Stored items from a collection
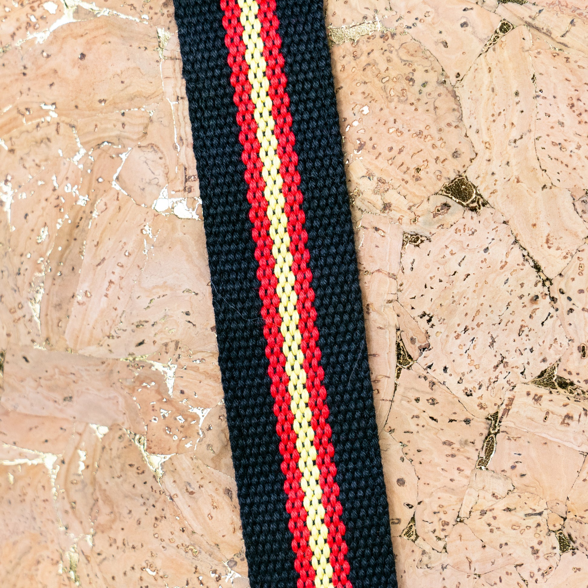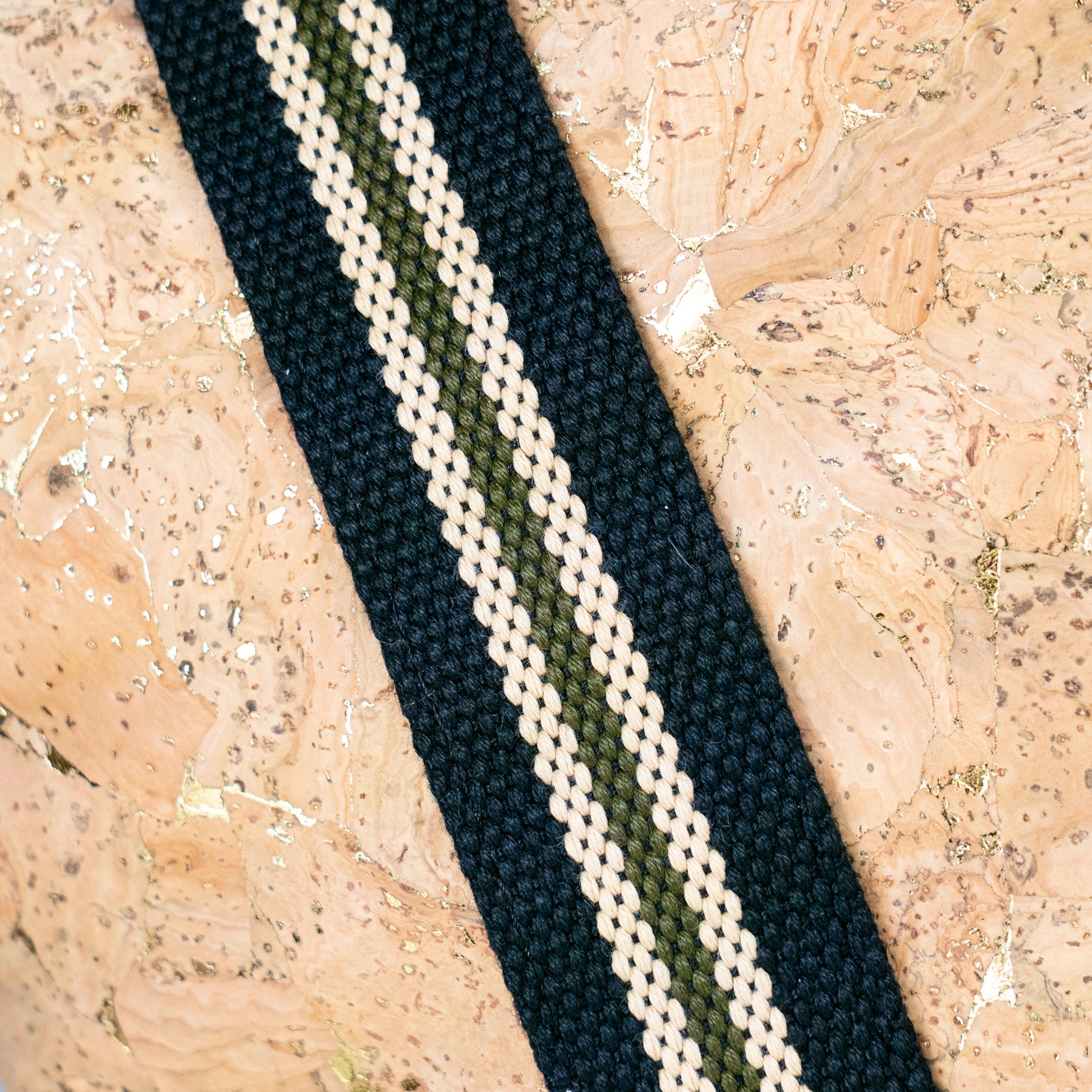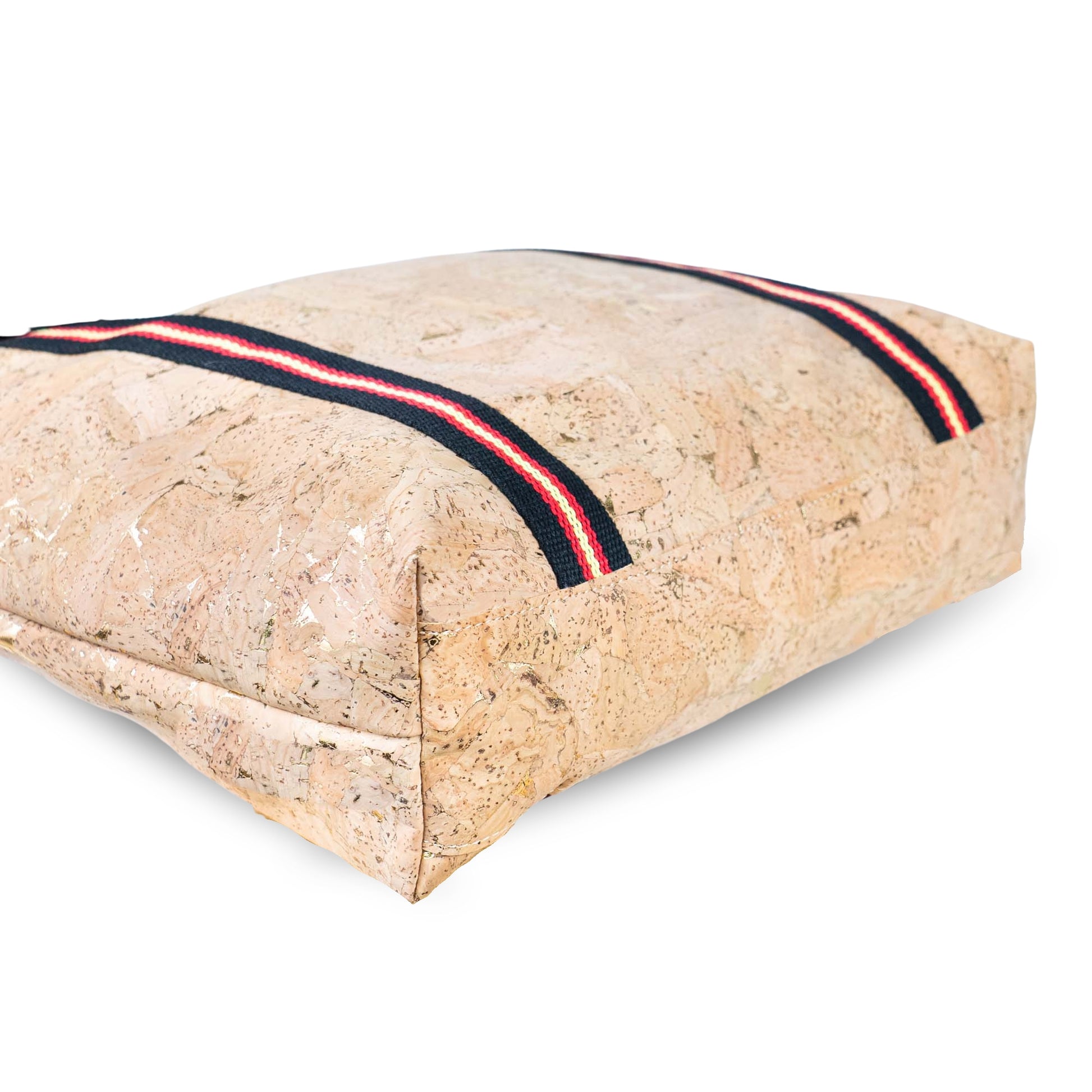 Cork tote bag with bold striped handles. Lightweight, durable, and perfect for daily use.
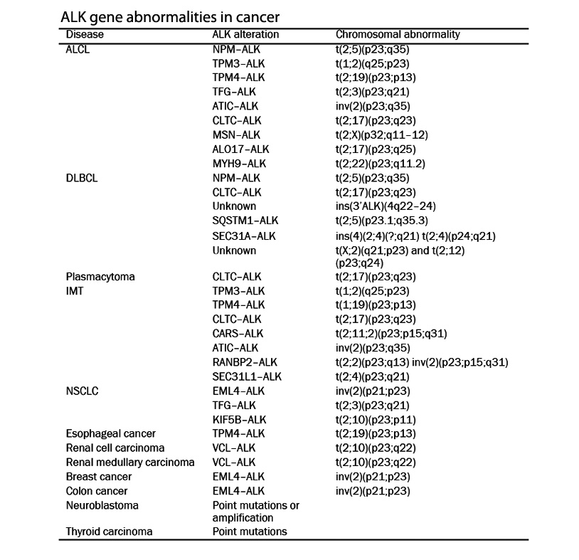 クローニングされたalk遺伝子は正常組織では脳と末梢神経系の一部のみに発現している。ヒトでこれ以外の組織にalkが発現するのは異常であるといえる。
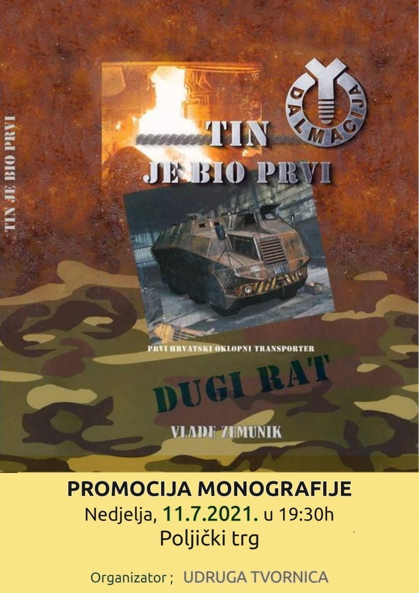 U Dugom Ratu, na Poljičkom trgu u nedjelju (11. srpnja 2021.) s početkom u 19:30 na dan 30. godišnjice izlaska prvog ratnog transportera iz tvornice "Dalmacija" u Dugom Ratu, svečano će se promovirati monografija "TIN je bio prvi", autora Vlade Zemunika u nakladi udruge Tvornica.
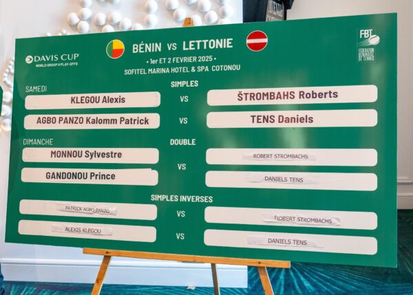 Dans les Play-offs du Groupe Mondial II de la Coupe Davis 2025, l’équipe béninoise a triomphé de la Lettonie après une rencontre particulièrement...
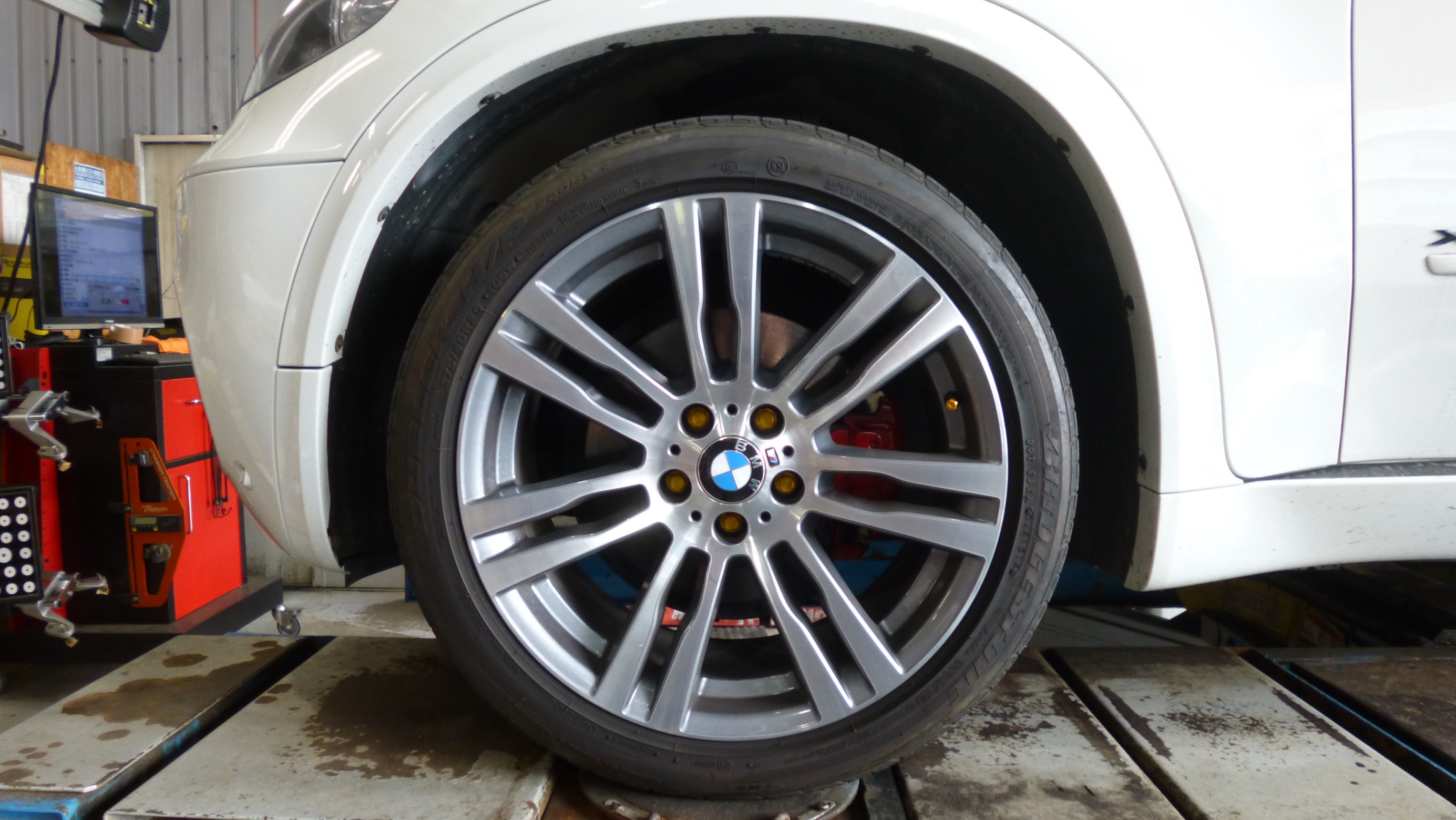 4輪アライメントの測定&調整作業を開始します。
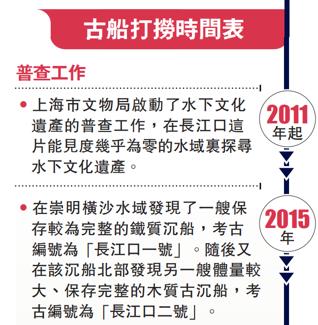 2015年,長江口崇明橫沙水域,一艘木質古船通過聲吶掃測等技術被發現,考古編號為「長江口二號」。經過7年的水下考古調查勘探,探明了「長江口二號」古船的基本情況。「長江口二號」古船為木質帆船,確認年代為清代同治時期(公元1862-1875年),所在水域水深8-10米,船體埋藏於5.5米深淤泥中,殘長約38.1米、寬約9.9米,已探明有31個艙室。古船上部的船艏、纜樁、主桅杆、左右舷等結構完整,從目前的勘測情況看,推測為清代上海廣為使用的沙船的可能性最大。
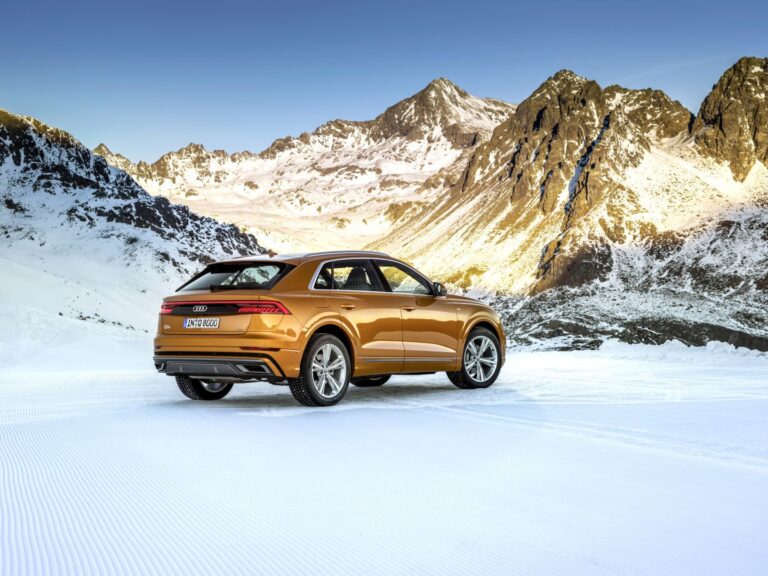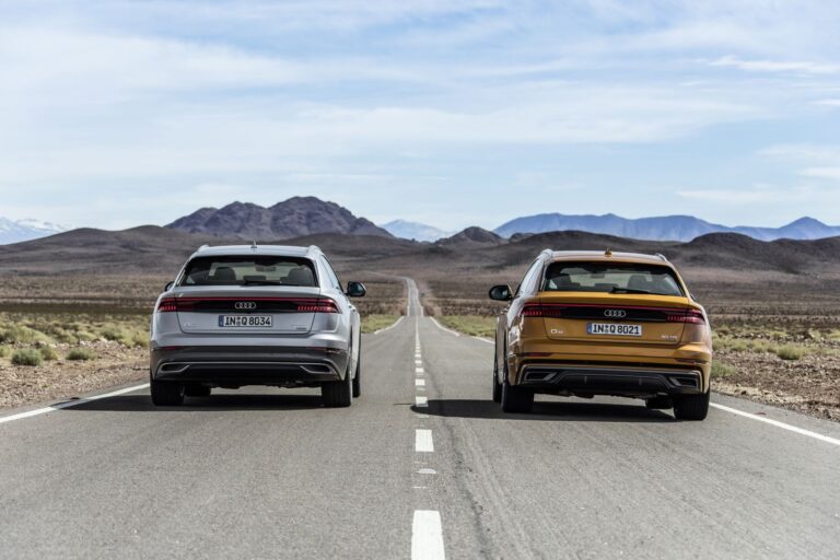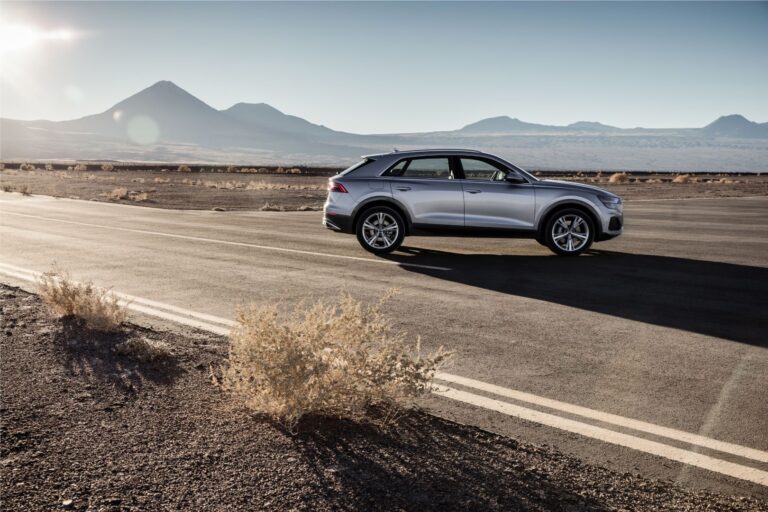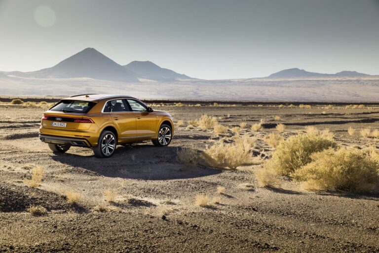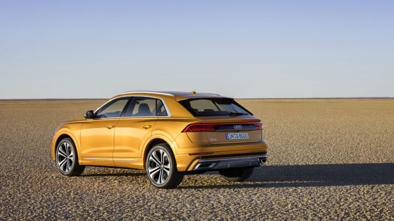 Nowy Audi Q8 ma długość 4,986 mm, szerokość 1,995 mm i wysokość 1,705 mm, emanując obecnością na drodze, jak żaden inny SUV tej marki z czterema pierścieniami. Z charakterystyczną linią dachu w stylu coupé wydaje się znacznie niższy niż jego siostra Q7. Jest o 66 mm krótszy, ale zyskał 27 mm na szerokości. Wyrazista przednia część, krótki tył oraz potężne 21-calowe koła o średnicy 795 mm tworzą obraz potężnej dynamiki. W Wielkiej Brytanii wersja S line, która oferuje szereg standardowych funkcji, takich jak sportowe, adaptacyjne zawieszenie powietrzne oraz MMI Navigation Plus z MMI Touch, a także reflektory HD Matrix LED, będzie dostępna od momentu wprowadzenia na rynek. Wkrótce później do oferty dołączy jeszcze bardziej kompleksowo wyposażona wersja Vorsprung.
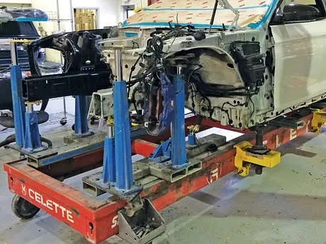 事故によって破損した車は、フレームがゆがんでしまい、人力だけで直すのは難しいです。フレーム修正機を使って、力が入ってゆがんでしまった箇所を上下左右から引っ張り、歪みを元通りになるまで矯正します。
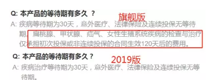 在常見(jiàn)問(wèn)答中,升級(jí)后的2019版不再對(duì)扁桃體、甲狀腺、疝氣、女性生殖系統(tǒng)疾病的檢查與治療設(shè)定理賠時(shí)間限制。
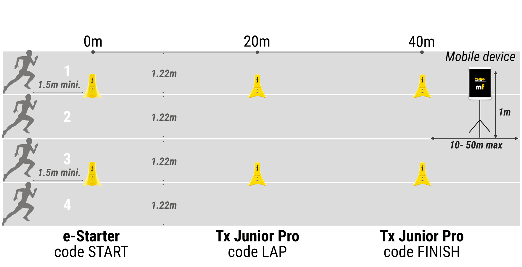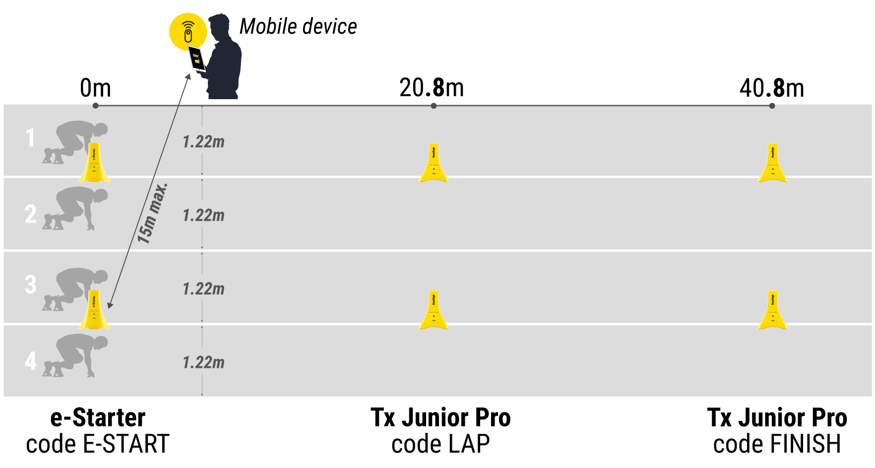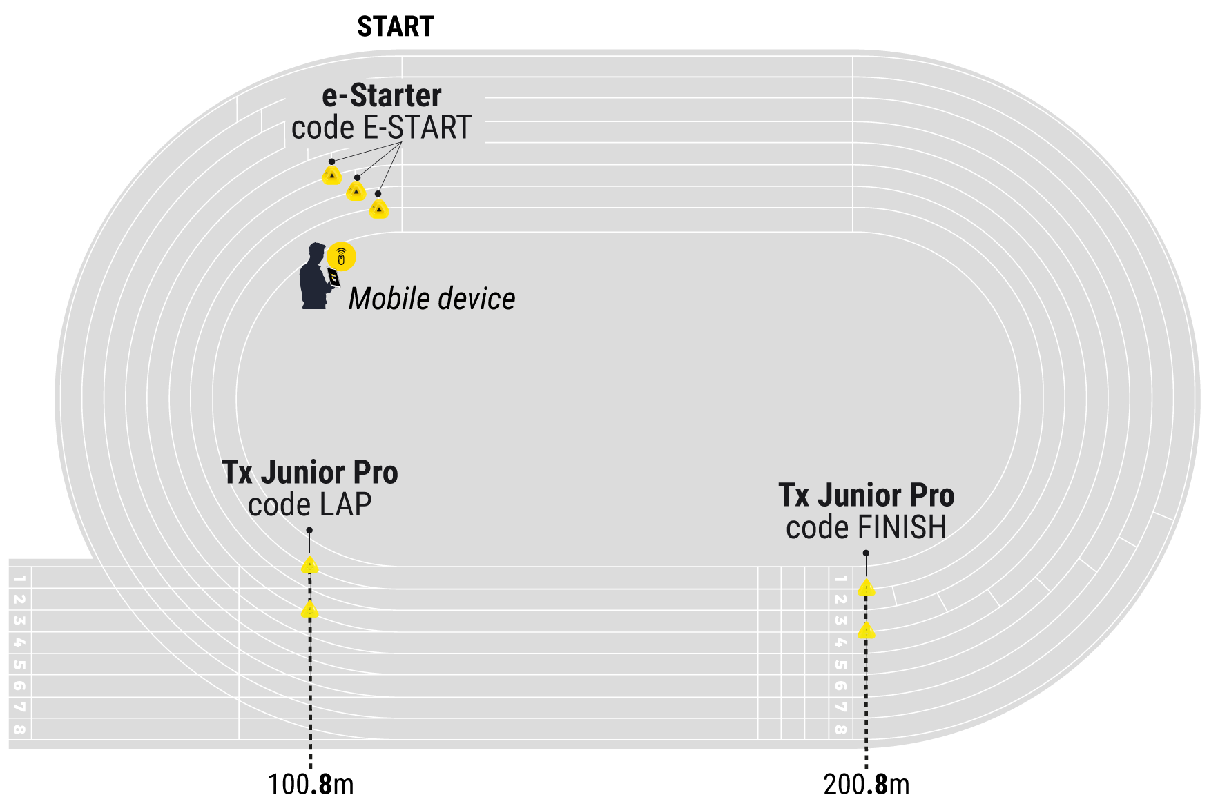 Athletes can be timed down the straight or an a stagger with the coach having full control of the start.
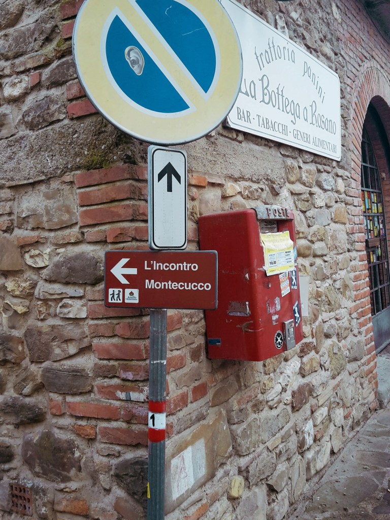 But first things first! We continue from the train staion of Pontassieve, taking the underground passage to Via Giuseppe Verdi. We turn right and head onto Via di Rosano, which will lead us over the highway, then over the Arno, to the quaint town of Rosano (nowadays a neighborhood of Rignano sull’Arno) cozily nestled at the feet of the Florentine hills. I pause to admire the bell tower of Santa Maria a Rosano, an 8th century monastery and one of the oldest in Italy. We take a right after crossing the bridge and soon we find the signs of the Renaissance Ring, which goes up on Borgo del Monastero towards the convent of Incontro.

TASK TO COMPLETE
To complete this exercise, transcribe exactly the lines above from the one that holds "事故によって破損した車は、フ" through the one that holds "Athletes can be". Pictures stay out.

TASK OUTPUT
 事故によって破損した車は、フレームがゆがんでしまい、人力だけで直すのは難しいです。フレーム修正機を使って、力が入ってゆがんでしまった箇所を上下左右から引っ張り、歪みを元通りになるまで矯正します。
 在常見(jiàn)問(wèn)答中,升級(jí)后的2019版不再對(duì)扁桃體、甲狀腺、疝氣、女性生殖系統(tǒng)疾病的檢查與治療設(shè)定理賠時(shí)間限制。
 Athletes can be timed down the straight or an a stagger with the coach having full control of the start.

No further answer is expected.